New American Plate Challenge

Spinach Saag with Golden Tofu

Weekly Recipe
Serves 4

Tofu is low in calories and packed with protein and other important nutrients. Soyfoods also contain phytochemicals called isoflavones. This vegan dish features sautéed tofu and spinach mixed with a medley of Indian spices. If you’re wary of soy, the latest research indicates that moderate soy consumption shows no risk for cancer and may even offer a protective effect.


  • 12-14 Ounces
    firm tofu
  • 5 Ounces
    baby spinach
  • 3 Tablespoons
    canola oil, divided
  • 1 1/4 Cup
    finely chopped onion
  • 1 Tablespoon
    chopped garlic
  • 1 1/2 Teaspoon
    grated ginger, or 1 Tbsp finely chopped
  • 1
    green or red chili pepper, chopped (seeds optional)
  • 1 Tablespoon
    ground cumin
  • 1 Teaspoon
    ground coriander
  • 1 Teaspoon
    garam masala
  • 1/2 Teaspoon
    ground turmeric
  • 2
    vine tomatoes, seeded and chopped


  1. Drain tofu and halve block horizontally into 2 slabs. Line baking sheet with 3 layers of paper towels. Place tofu slabs on baking sheet, touching side by side. Cover tofu with 2 layers of paper towels. Set another baking sheet on top of tofu. Place 4 large cans on top of baking sheet. (Canned tomatoes or beans work well.) Or use 2 large cans and then place empty cast iron skillet on top of them. Press for 20 minutes.

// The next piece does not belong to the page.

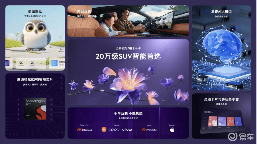 “2023年9月份,领克08上市的时候我们就说过一句话,希望我们的车机能够常用常新,硬件三年不用更新。”穆军表示,虽然全新领克08 EM-P换了一套全新的座舱、智驾,但在车机芯片算力上,双E04和8295的算力相差并不远,能够100%复刻Flyme Auto 2的核心功能。

  2. While tofu presses, rinse spinach and drain in colander. Pat spinach with paper towels or whirl in salad spinner, in batches, if necessary, until almost dry. Set spinach aside.

  3. Cut pressed tofu into 3/4-inch cubes. Place tofu in bowl, add 1 tablespoon oil and gently toss to coat tofu.

  4. Heat 1 tablespoon oil in medium skillet over medium-high heat. Arrange tofu in 1 layer and cook until golden on bottom, 3-4 minutes. Turn and cook cubes until golden to brown on 2 more sides, about 6 minutes in all, then transfer to plate and set aside. Wipe out pan, and return to heat.

  5. Heat remaining 1 tablespoon oil over medium-high heat. Add onions and cook until they start to color, 5 minutes, stirring often. Add garlic, ginger and chile pepper and stir for 1 minute. Add cumin, coriander, garam masala and turmeric, stirring until spices coat onions and are fragrant, 30 seconds. Mix in tomatoes and cook, stirring occasionally, until mixture is moist and lumpy, 4 minutes. Add half the spinach, mixing until it collapses, 3 minutes. Add remaining spinach and stir until it collapses, 2 minutes. Add tofu and cook, stirring often, until spinach is very moist, 4 minutes. Continue cooking, stirring occasionally, until spinach is tender, about 3 minutes. Season to taste with salt and freshly ground pepper

Nutrition: Per serving: 221 calories, 14g total fat (1g saturated fat), 16g carbohydrate, 11g protein, 4g dietary fiber, 101mg sodium.